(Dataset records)

*****

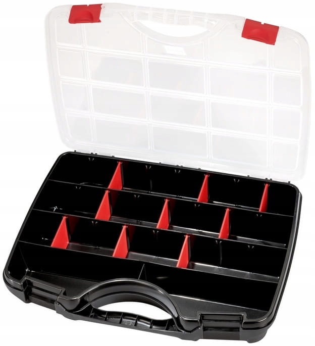 Органайзер має 2 коротких і 3 довгих відділення, які можна розділити на менші (до 26). Містить 20 перегородок для поділу відділень.
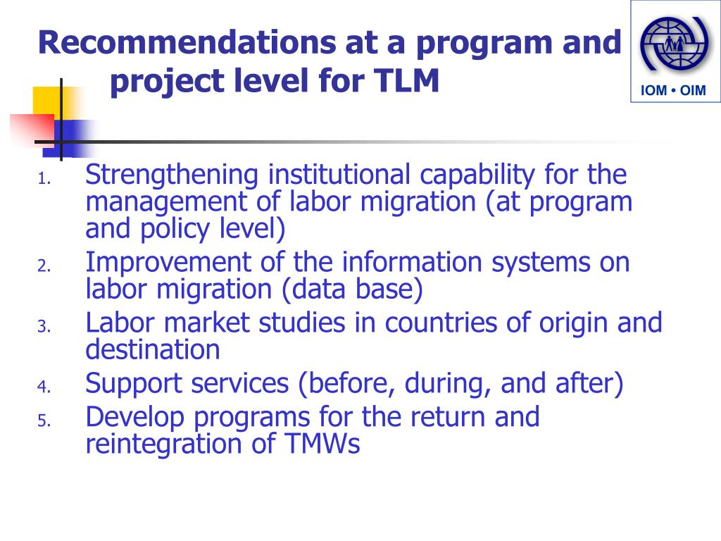 IOM • OIM Recommendations at a program and project level for TLM • Strengthening institutional capability for the management of labor migration (at program and policy level) • Improvement of the information systems on labor migration (data base) • Labor market studies in countries of origin and destination • Support services (before, during, and after) • Develop programs for the return and reintegration of TMWs
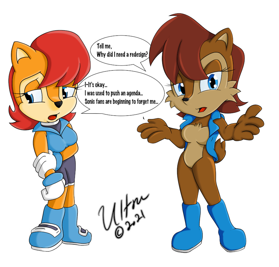 I really want to understand the reason for the redesigns if none of the games characters needed it. Of course, if you don't consider the redesign from classic to modern, but that was nothing more than a vision of everyone older. And Sally and the others had already been adapted to the modern style, so there's no reason they just have to be rebooted. Was SEGA also annoyed/worried that Sally didn't wear any clothes?
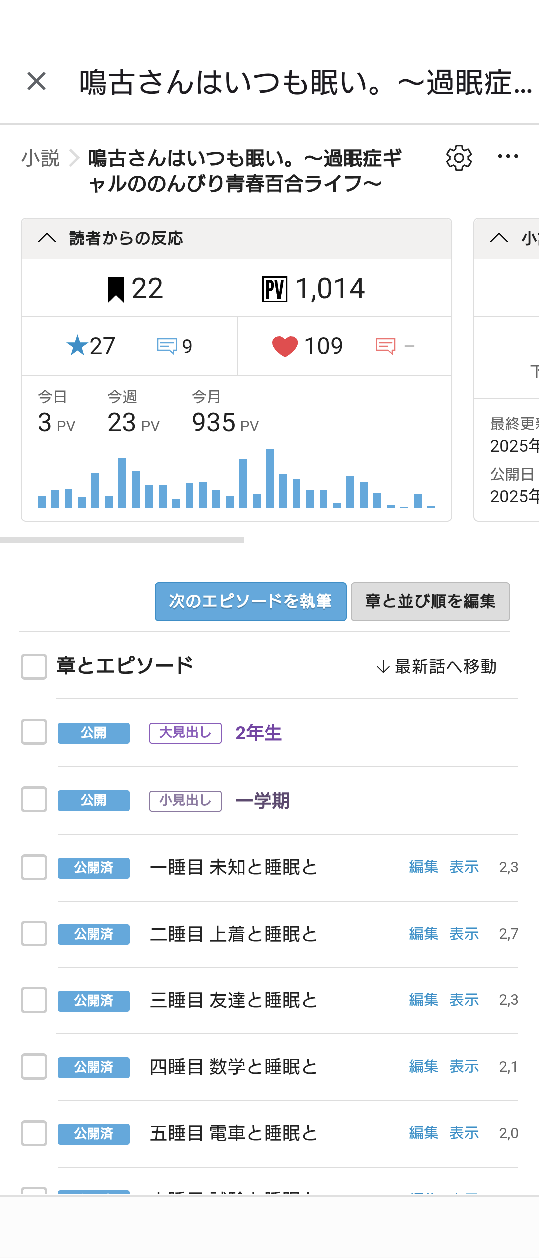 「鳴古さんはいつも眠い。〜過眠症ギャルののんびり青春百合ライフ〜」が1000PVを突破しました!
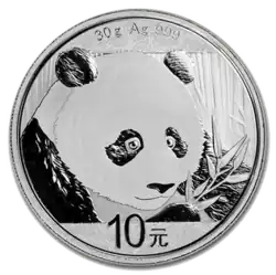 The Chinese Silver Panda (Chinese: 熊猫银币; pinyin: xióngmāo yínbì) is a series of silver bullion coins issued by the People's Republic of China. The design of the panda is changed every year and minted in different sizes and denominations, ranging from 0.5 troy oz. to 1 kilogram. Starting in 2016, Pandas switched to metric sizes. The 1 troy ounce coin was reduced to 30 grams, while the 5 troy ounce coin was reduced to 150 grams. There is also a Gold Panda series issued featuring the same designs as the Silver Panda coins.
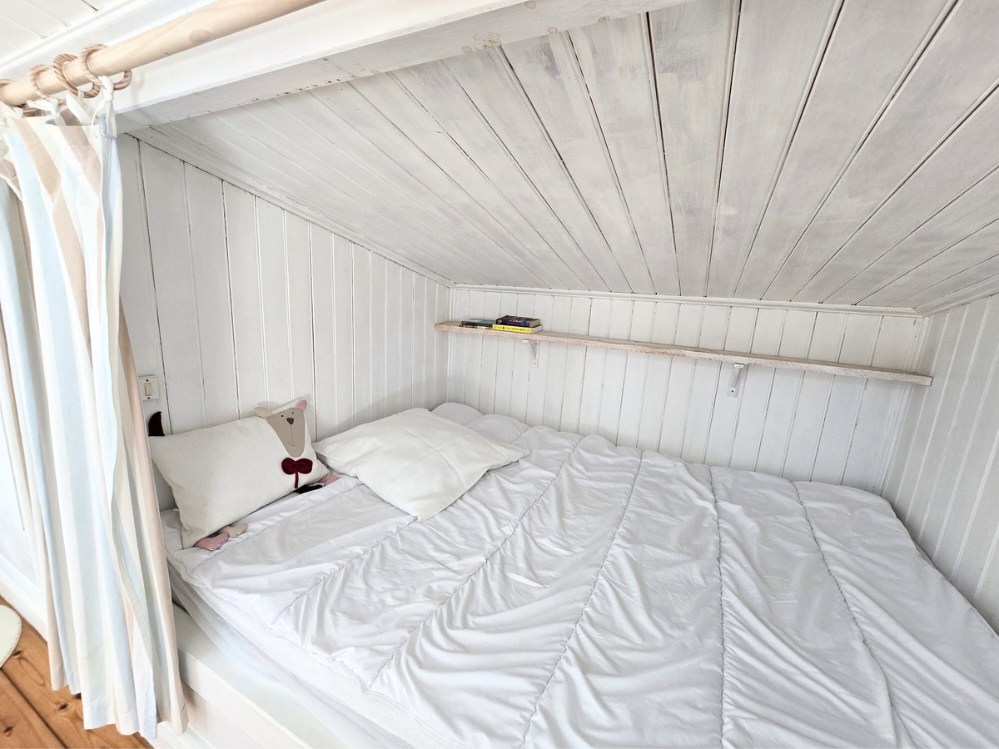 - SALON/SEJOUR : canapé - 2 fauteuils - TV écran plat - cheminée (décoration hors service) - table basse - lecteur CD et DVD - jeux de sociétés -- - MEZZANINE: 1 lit de 80x190cms et 2 lits de 120x190cms - placard - chevet + lampe - ventilateur
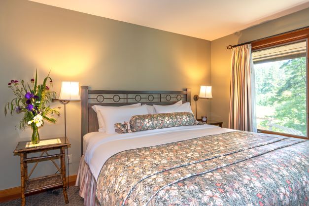 Our spacious Premier Suites enjoy treed views of the harbour from private balconies. Every Premier Hillside Suite offers the comforts of a living room with propane fireplace; a king size bed; a large soaking tub and separate shower with heated floors; heated towel rack; and air conditioning for warm summer nights.
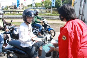 Dalam rangka pencegahan dan penanggulangan penyebaran Covid-19, Fakultas Ilmu Sosial dan Ilmu Politik (FISIP) Universitas Hasanuddin membagikan masker kepada pengendara roda dua dan empat yang
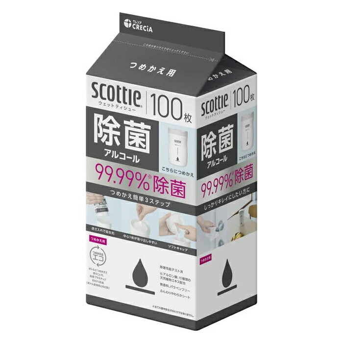 [日本製紙クレシア]スコッティ ウェットティシュー 除菌 アルコール つめかえ用 100枚(詰換用 ・・・
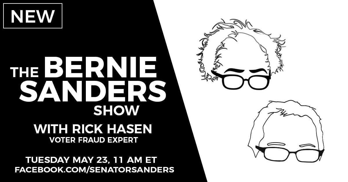 🐦 May 23 at 11AM ET - Bernie Sanders Show with Rick Hasen - Facebook Live
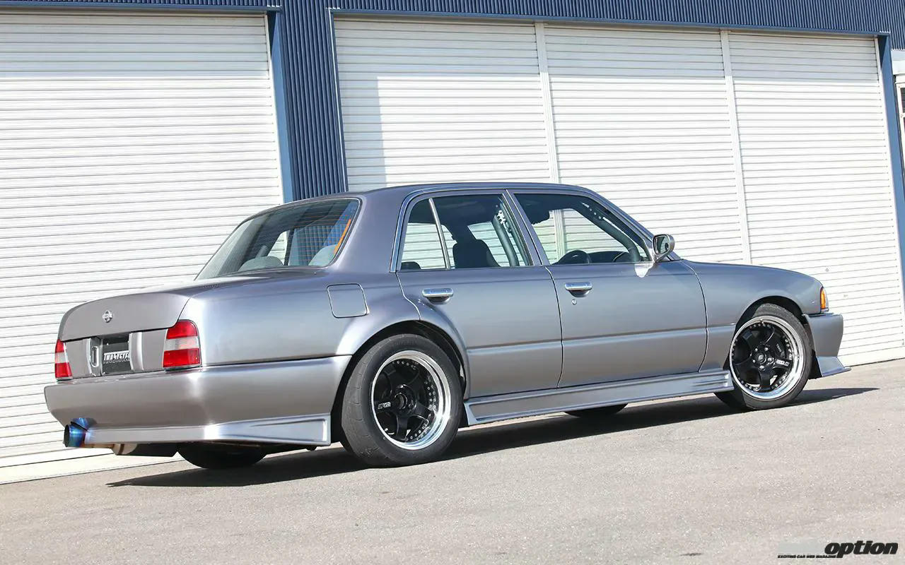 そんなクルーをベースに、過激なドラッグ仕様に仕上げたのは秋田県の“ツーシステム”。C33ベースの加工エアロと、膨らみを持たせたリヤブリスターフェンダーが只者ならぬ雰囲気を醸しているが、この車両は元々4枚セダンを乗りたいと思っていた元オーナー(その後ツーシステムのデモカーになった)が愛車のシルビアでクラッシュしたのを機に、クルーを格安で入手してハコ替えしたものだという。
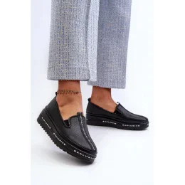 Slip-on dámská obuv S.Barski z přírodní kůže je kombinací elegance a pohodlí. Stojí na platformě. Zdobené nápisy. Měkká pohodlná stélka. Zaoblená špička. Tento mimořádně stylový model jistě doplní mnoho stylizací!
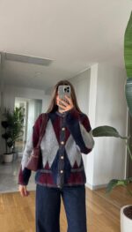 Baklava Pattern Cardigan With Chardon – Claret Red

*****

EXERCISE REQUIREMENTS: Repeat the records above exactly, from the first line through the line that contains "IOM • OIM Recommendations", and leave out the pictures.

ANSWER TO THIS PROBLEM:
 Органайзер має 2 коротких і 3 довгих відділення, які можна розділити на менші (до 26). Містить 20 перегородок для поділу відділень.
 IOM • OIM Recommendations at a program and project level for TLM • Strengthening institutional capability for the management of labor migration (at program and policy level) • Improvement of the information systems on labor migration (data base) • Labor market studies in countries of origin and destination • Support services (before, during, and after) • Develop programs for the return and reintegration of TMWs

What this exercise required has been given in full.